Brief – Each line below should be repeated exactly, but no picture should be carried over.

[Information provided — start]

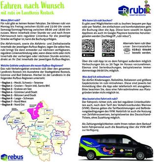 Weitergehende Informationen können dem nachfolgenden REBUS-Flyer "Fahren nach Wunsch - mit rubi im LK Rostock" entnommen werden. Ebenfalls wird auf der Homepage unter www.rebus.de über rubi informiert.
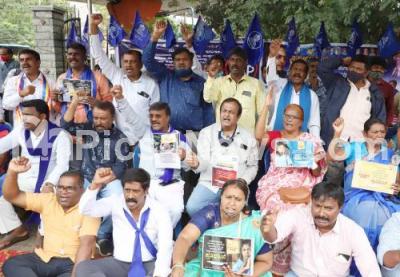 Photo Caption : Members of Dalita Sangharsha Samiti Federation protesting to fulfill their various demands, in Bengaluru on Wednesday 22nd September 2021
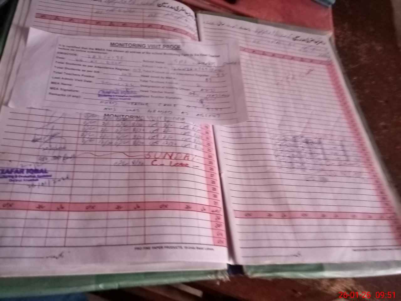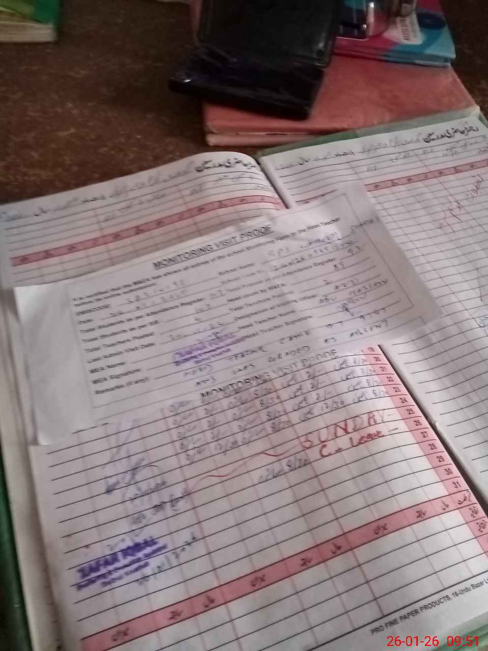 | Remarks (Use Separate Page if Required): total on sis 107 Total on register 107 last visit AEO 20 Jan 26 Head teacher was absent while visit and reached school at 9:47 | |||||

[Information provided — finish]

Answer section –
 Weitergehende Informationen können dem nachfolgenden REBUS-Flyer "Fahren nach Wunsch - mit rubi im LK Rostock" entnommen werden. Ebenfalls wird auf der Homepage unter www.rebus.de über rubi informiert.
 Photo Caption : Members of Dalita Sangharsha Samiti Federation protesting to fulfill their various demands, in Bengaluru on Wednesday 22nd September 2021
 | Remarks (Use Separate Page if Required): total on sis 107 Total on register 107 last visit AEO 20 Jan 26 Head teacher was absent while visit and reached school at 9:47 | |||||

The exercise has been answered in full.